In contrast, the selection of judges in the United Kingdom has undergone significant reforms, particularly with the enactment of the Constitution Reform Act of 2005. Before this reform, the Chancellor, as head of the judiciary and a member of the Cabinet, held substantial power in judicial appointments and could sit in the House of Lords to hear appeals. To address concerns about the separation of powers, the Act established the Judiciary Appointments Commission (JAC), tasked with recommending judges to courts and tribunals in England and Wales. The JAC comprises laypeople, including a chairman, judges, tribunal members, solicitors, and lay justices, designed to reduce the influence of the executive and judiciary over appointments. Lay members were included to prevent bias towards already appointed judges and to shield the JAC from political interference.

Overall, the reforms in the UK aimed to ensure a fair and independent judiciary by limiting the influence of political and judicial figures in the selection process, similar to the lifetime appointments of US Supreme Court justices intended to insulate them from political pressures.

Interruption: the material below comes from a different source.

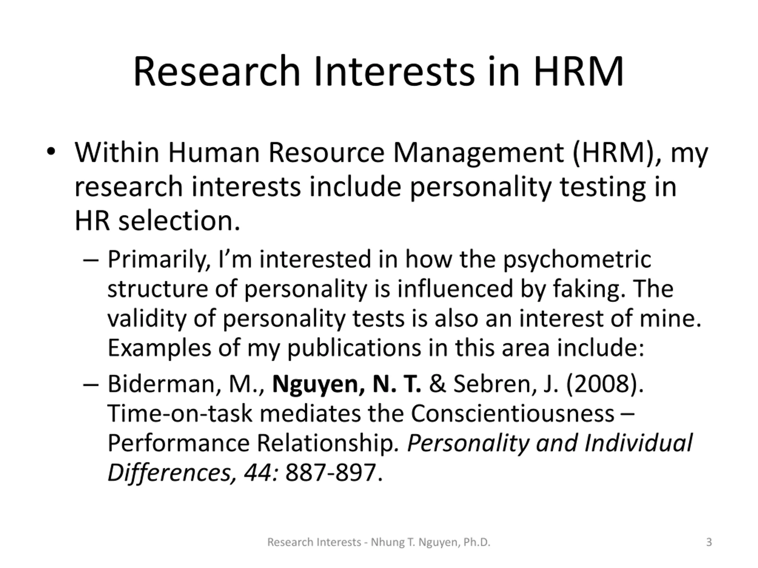 Research Interests in HRM Within Human Resource Management (HRM), my research interests include personality testing in HR selection. Primarily, I m interested in how the psychometric structure of personality is influenced by faking. The validity of personality tests is also an interest of mine. Examples of my publications in this area include: Biderman, M., Nguyen, N. T. & Sebren, J. (2008). Time-on-task mediates the Conscientiousness Performance Relationship.Personality and Individual Differences, 44: 887-897. Research Interests - Nhung T. Nguyen, Ph.D. 3

Navigating Reform: Enhancing the Collegium System for Judicial Efficiency

After careful consideration of the shortcomings highlighted by various reputable sources and members of the judiciary itself, it is evident that the current system for appointing judges requires reform. While the collegium system has served its purpose for a time, it has failed to adapt to changing circumstances and address inherent flaws. Moreover, reverting to the pre-collegium system, where the government had sole authority in appointing judges, is deemed highly unfavorable as it compromises the independence of the judiciary.

In addition to rectifying the flaws of the existing collegium system, the new system must ensure a clear separation of the judiciary from executive and parliamentary intervention. The NJAC, despite its earlier invalidation in 2015, needs to be restructured. Commission members should establish precise criteria for selecting Supreme Court justices to mitigate nepotism and ensure transparency. The commission’s operations and documentation should be accessible to the public through official government channels, allowing for scrutiny. Each member of the appointment committee should utilize a voting mechanism, such as secret balloting, to ensure impartiality. Background checks should be conducted before selecting nominees, and the tradition of appointing the most senior judge as Chief Justice should remain unchanged.

The Commission should have the authority to investigate the behavior of judges and initiate probes if necessary. In cases involving the replacement of High Court judges, consultation with the Chief Justice of the relevant High Court and additional Supreme Court judges should be mandatory. To address any internal operational flaws within the collegium, a temporary collegium akin to substitute officers should be established. Collegium members should be able to delegate their authority if needed, with the transferred member meeting the criteria set for Commission members. Any appointments made by the Collegium based on favoritism or other improper motives should be deemed invalid.

Ultimately, the legislative branch must devise a proposal that serves the interests of the general public and the integrity of the judicial system.


There is ongoing debate surrounding the effectiveness of the current Collegium structure, particularly in light of recent events involving three judges. While the Collegium System was established with noble intentions, its performance over the years has failed to meet public expectations. The government’s proposal to replace the Collegium with the National Judicial Appointments Commission (NJAC) never materialized. However, the paramount importance of maintaining the independence of the judiciary cannot be overstated, and it must be safeguarded at all costs.

If the Collegium system continues to face criticism and challenges, it may require modifications to address its shortcomings. It is crucial to uphold public trust and confidence in the judiciary, which can only be achieved through transparency and accountability in the appointment process. Any miscommunications or controversies risk eroding public faith in the judicial branch, underscoring the need for openness and accountability within the judiciary.